La dimension tragique du sacrifice

Les tragédies se construisent autour d'un sacrifice et le sacrifice
nous renvoie à l'énigmatique notion de destin. Mais comment s'articulent
entre eux ces trois événements et quelle part les uns prennent-ils à la réalité
des deux autres ? Le tragique est-il lui-même une composante du sacrifice
ou bien en est-il indépendant ? C'est à l'approche des grandes figures
sacrificielles, occidentales et orientales (Iphigénie, Isaac, le Christ,
Prajâpati), dans leur lecture ancienne et moderne (Euripide, Sophocle,
Hölderlin, Nietzsche, Kierkegaard, Bataille) que cette étude tente de
saisir l'enracinement de cet acte dans notre sentiment du tragique et, plus
radicalement, ce que doit ce sentiment au rapport sacrificiel que l'homme
porte à sa vie. «Qu'eût valu une vie pour laquelle je n'aurais pas accepté
de mourir ?», se demande un héros de Malraux, et la vie elle-même
devient un sacrifice. Le sacrifice est-il un acte circonscrit à l'économie
d'une situation ou bien manifeste-t-il une vérité qui n'a d'autre
compréhension possible que les limites d'une vie «humaine» ? Si le
sacrifice signifie toujours la présence d'un échange, le destinataire n'est
pas toujours clairement identifié et la «vérité» pourrait apparaître
comme le dernier signe d'une pensée magique qui croit pouvoir détourner
le cours des choses par la mort du sujet. Kierkegaard dira qu'«un
homme n'a pas le droit de se laisser mettre à mort pour la vérité.» Mais
de quelle mort parle le sacrifice et par conséquent aussi de quel sujet ?

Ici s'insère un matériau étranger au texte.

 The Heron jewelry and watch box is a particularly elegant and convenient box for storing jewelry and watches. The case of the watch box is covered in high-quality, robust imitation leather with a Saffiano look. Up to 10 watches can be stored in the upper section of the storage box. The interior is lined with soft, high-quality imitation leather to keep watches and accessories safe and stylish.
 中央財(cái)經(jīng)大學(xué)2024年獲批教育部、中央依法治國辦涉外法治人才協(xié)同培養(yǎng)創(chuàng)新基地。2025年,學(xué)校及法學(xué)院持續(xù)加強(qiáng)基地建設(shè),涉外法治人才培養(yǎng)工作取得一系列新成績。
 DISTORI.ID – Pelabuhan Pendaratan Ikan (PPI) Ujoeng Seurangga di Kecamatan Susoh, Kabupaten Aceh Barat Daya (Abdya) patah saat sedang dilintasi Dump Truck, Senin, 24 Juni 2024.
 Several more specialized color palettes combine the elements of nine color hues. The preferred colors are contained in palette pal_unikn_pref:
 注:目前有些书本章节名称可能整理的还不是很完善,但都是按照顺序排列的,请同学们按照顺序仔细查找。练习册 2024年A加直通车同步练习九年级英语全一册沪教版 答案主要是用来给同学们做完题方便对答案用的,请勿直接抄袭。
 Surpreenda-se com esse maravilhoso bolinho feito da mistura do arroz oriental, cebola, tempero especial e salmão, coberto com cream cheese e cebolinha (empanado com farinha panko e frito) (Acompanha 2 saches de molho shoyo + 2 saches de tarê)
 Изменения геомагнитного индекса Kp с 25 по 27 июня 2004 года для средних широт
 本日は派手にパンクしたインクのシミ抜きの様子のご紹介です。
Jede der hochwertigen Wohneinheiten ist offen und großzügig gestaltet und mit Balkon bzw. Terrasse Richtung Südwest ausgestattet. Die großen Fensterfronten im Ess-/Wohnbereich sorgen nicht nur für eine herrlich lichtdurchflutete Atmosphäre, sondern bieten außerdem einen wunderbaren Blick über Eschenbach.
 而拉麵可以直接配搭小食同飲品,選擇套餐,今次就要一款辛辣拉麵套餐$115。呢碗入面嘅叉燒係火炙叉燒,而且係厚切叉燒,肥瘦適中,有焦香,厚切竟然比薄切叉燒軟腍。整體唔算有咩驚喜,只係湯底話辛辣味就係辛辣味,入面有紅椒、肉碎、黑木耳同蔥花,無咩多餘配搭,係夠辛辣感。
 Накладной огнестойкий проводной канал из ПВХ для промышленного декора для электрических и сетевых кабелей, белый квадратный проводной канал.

Véritable pierre de touche de l'essence tragique, le sacrifice éclaire
aussi à travers les hypothétiques tragédies «chrétienne» et «moderne»,
les paradoxes de cette joie dans la souffrance.
La dialectique mise à jour entre le tragique et le sacrifice permettra
de savoir si un échange est réellement accompli entre destin et liberté
ou si c'est notre liberté elle-même qui est sacrificielle.